Backed with the Amazon S3 Service Level Agreement
Designed to provide 99.999999999% durability and 99.99% availability of objects over a given year
Designed to sustain the concurrent loss of data in two facilities
So, if you're still not happy with all those statements, how can you access your data in an outage?
If your data is in only one region, and the region is not accessible, then your data is not accessible. Note, however, that an external network connectivity problem could prevent access to Amazon S3, yet Amazon S3 might still be accessible from Amazon EC2 instances in the same region.
Cross-region replication will copy your data to another Amazon S3 region. It requires versioning to be activated. To copy any files that exist prior to activating cross-region replication, use the sync command in the AWS Command-Line Utility (CLI), eg:
aws s3 sync s3://bucket1/folder s3://bucket2/folder
Each AWS region operates independently, so the possibility of multiple regions suffering outages would presumably be even less likely.
If you are feeling particularly paranoid, you could copy your data to another cloud provider (Azure, Google, Rackspace, etc). There are tools that can assist:
CloudBerry Cloud Migrator
AzureCopy
...and no doubt many more!

Does AWS S3 cross-region replication use same URL for multiple regions?

Using S3 cross-region replication, if a user downloads http://mybucket.s3.amazonaws.com/myobject , will it automatically download from the closest region like cloudfront? So no need to specify the region in the URL like http://mybucket.s3-[region].amazonaws.com/myobject ?
http://aws.amazon.com/about-aws/whats-new/2015/03/amazon-s3-introduces-cross-region-replication/
Bucket names are global, and cross-region replication involves copying it to a different bucket.
In other words, example.us-west-1 and example.us-east-1 is not valid, as there can only be one bucket named 'example'.

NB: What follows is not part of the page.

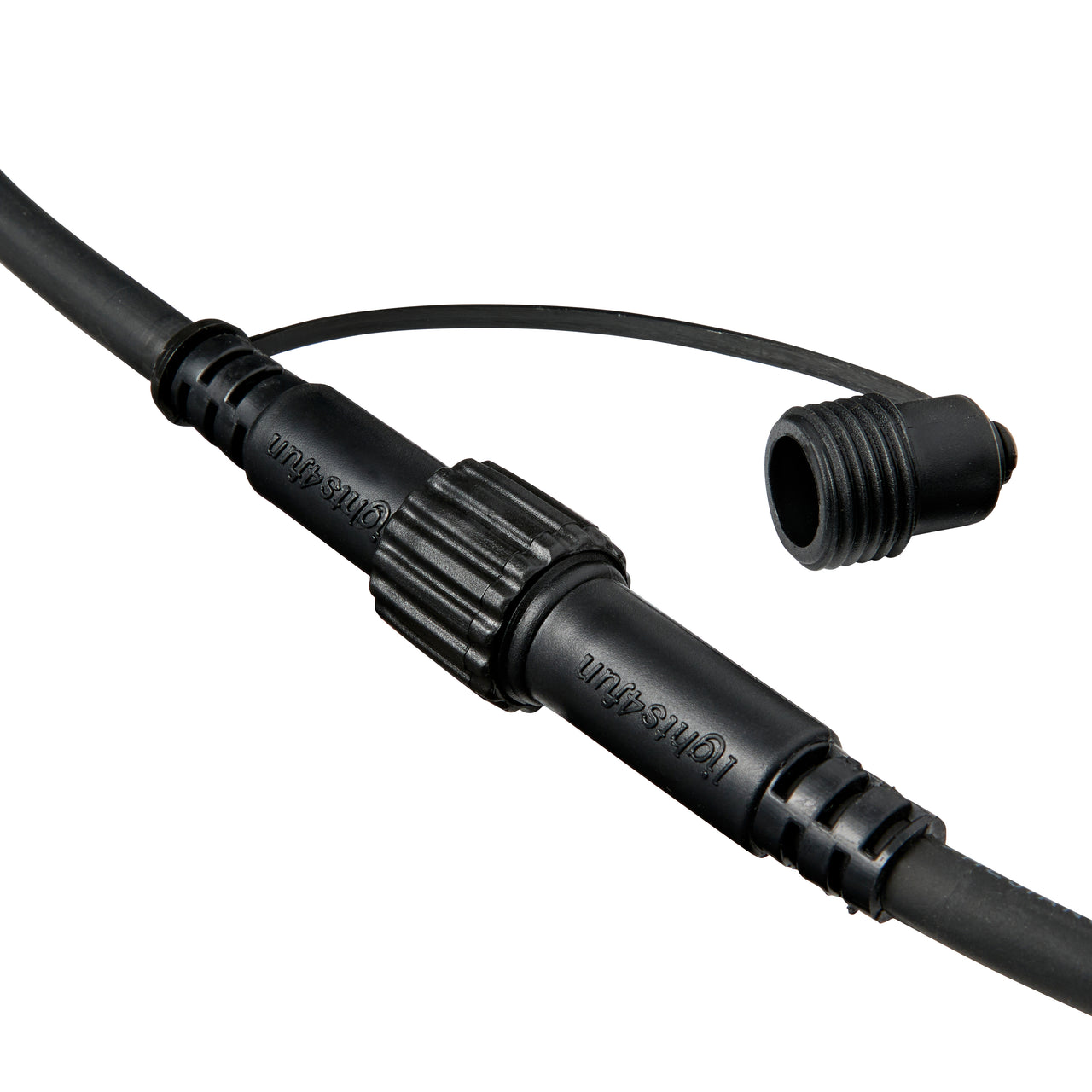 30 DAY RETURNSThis Ingenious Connect extension cable has specifically been designed solely for use with our Ingenious Connect lights. This 10m black extension cable connects with our Ingenious Connect range lights with a simple push and twist motion - so extend away! Made from durable perspex and rubber and with watertight seals you can rely on them come rain or shine. With our connectable range and extension cables, it's never been so easy to fill your garden or venue with brilliantly bright Edison lights. This cable is only connectable with our Ingenious Connect range and the plug is sold separately . The two shrink wraps included are an easy way to hide the join in your lights.
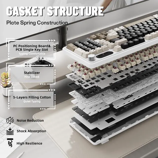 Premium Gasket MountSuperior Sound & Feel Enjoy the perfect balance of softness and stability with our innovative 20-point cross-beam gasket mount. Combined with 5 layers of sound-dampening materialsincluding IXPE switch pads, PORON foam, and silicone dampenersit delivers a satisfying, quiet keystroke with a deep, thocky sound. Say goodbye to hollow noises and experience pure, high-fidelity acoustics with every press.

That's implied in the announcement post- Mr. Barr is using buckets named jbarr and jbarr-replication.
Using S3 cross-Region replication will put your object into two (or more) buckets in two different Regions.
If you want a single access point that will choose the closest available bucket then you want to use Multi-Region Access Points (MRAP)
MRAP makes use of Global Accelerator and puts bucket requests onto the AWS backbone at the closest edge location, which provides faster, more reliable connection to the actual bucket. Global Accelerator also chooses the closest available bucket. If a bucket is not available, it will serve the request from the other bucket providing automatic failover
You can also configure it in an active/passive configuration, always serving from one bucket until you initiate a failover
From the MRAP page on AWS console it even shows you a graphical representation of your replication rules
s3 is global service, no need specify the region. The S3 name has to be unique globally.
when you create s3, you need specify the region, however it doesn't mean you need put the region name when you access it. To speed up the access speed from other region, there are several options like
-- Amazon S3 Transfer Acceleration with same bucket name.
-- Or use set up another bucket with different name in different region and enable cross region replication. Create an origin group with two origins for cloudfront.